Among the characteristic elements of this golden age, we cannot not mention the emergence of effects: from the manipulation of magnetic tapes to obtain the first artificial echoes to the development of the first plate reverbs in Germany, we ultimately arrive at an innovative design brought about by Hammond: the spring reverb, using springs in which audio signals are induced, creating a simulation of reverberation. Hammond has been using this system in its electric organs for several decades now, but in 1959 introduced a compact module allowing recording studios to have this much-desired effect, but above all to equip guitar amplifiers directly with it.

For Fender, the hurdle was passed in 1963 with the introduction of the Fender Vibroverb, the first amplifier made in Fullerton with an onboard reverb. However, 2 years previously another device appeared: aptly named Fender Reverb Unit 6G15, it is an standalone box placed between the guitar and the amplifier – a prefiguration of modern effects pedals! The device would be a real success, since it will be the touchstone of the sound of rock of the 60s, particularly surf-rock, and the inspiration of a slew of emulators: among others, the Vox Reverberation Unit heard in the music of the Shadows, the Grampian Type 636 which will be synonymous with the sound of reggae and dub by the end of the decade…

The circuit of the 6G15 is relatively rudimentary, composed of only three tubes: a double-triode 12AT7 for pre-amplification, a 6K6GT to drive the reverb springs, and a double-triode 12AX7, half of which is used to recover the level of spring tank output and the other to buffer the dry audio signal coming from the effect input.

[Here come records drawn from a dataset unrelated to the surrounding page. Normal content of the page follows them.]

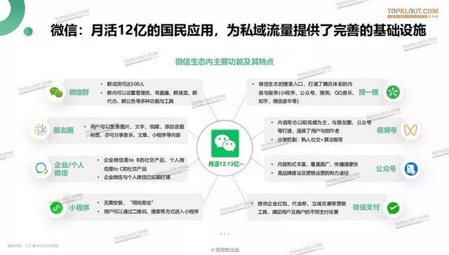 我们在此前发布的《微信生态下的营销洞察报告》中,曾经提到了微信生态内多样化的私域营销手段,比如朋友圈广告、微信视频号引流、微信群沉淀粉丝、微信公众号以内容实现营销目的等等。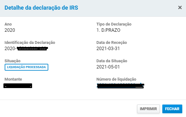 03/05/2021 - Liquidação Processada - sem acesso a Demonstração de Liquidação de IRS - por tratar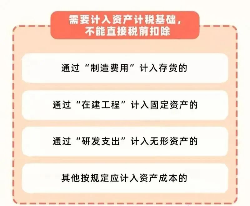 (3)需要计入资产计税基础,不能直接税前扣除。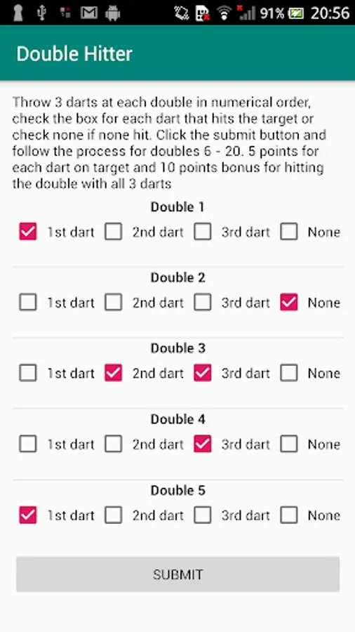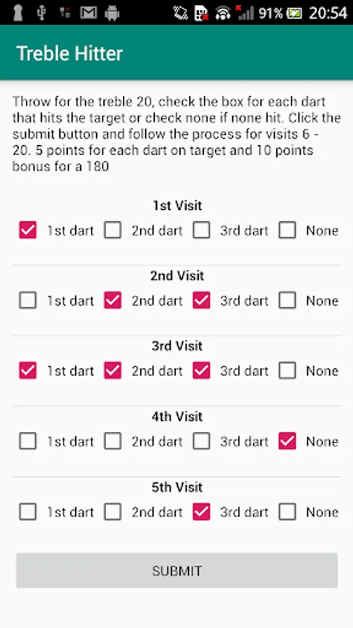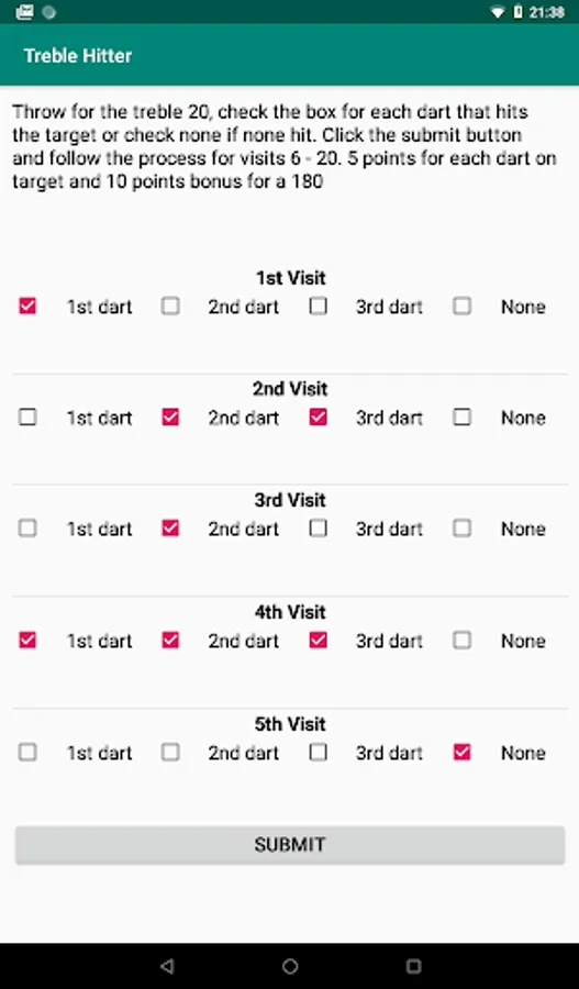 Record each dart that hits the target by checking the relevant checkbox. After every 5 visits click the submit button at the bottom of the screen to move forward to the next 5 visits. This will also update your current score and detail how successful you have been with your 1st, 2nd and 3rd darts. Score 5 points for each successful hit of the target and a 10 point bonus if all 3 darts hit the target, 500 points available. At completion of the 20 visits you will be presented with your final score and individual dart success.

There are three controls: Dwell, allowing you to adjust the duration of the reverb effect, Mixer allowing you to match the levels of the wet and dry signals, and Tone, allowing you to reduce the high frequency content of the dry signal.

The example presented here comes from the very beginning of the second year of production, stamped in January 1962. We find it in the first aesthetic iteration of the model with the flat Fender nameplate screwed on the front, a brown Tolex cover and the front panel featuring a wheat-colored grill cloth ( following the nomenclature of Teagle & Sprung). It is in exceptionally well preserved original condition, including its original transformers, potentiometers, spring tank, hardware and screws exactly as it was the day it left the assembly line – even the bracket used to lock the spring tank during transportation is still present! We worked hard to restore this reverb, performing the necessary replacement of the original power cord with a modern cord with chassis grounding and expired electrolytic capacitors, verifying the proper working condition of all passive components and tubes – these operations, necessary to secure the device and ensure its optimal operation, have been carried out with the aim of preserving its entire original appearance. Now all that’s left to do is to grab a good old Strat or Jaguar and bang out your favorites tunes, from Dick Dale to the Lively Ones and, our personal favorites, the Trashmen!

110 volt operation, sold with a 220V power transformer. Tube set: 1960s Sylvania 6K6GT, modern no-brand 12AT7, modern Sovtek 12AX7.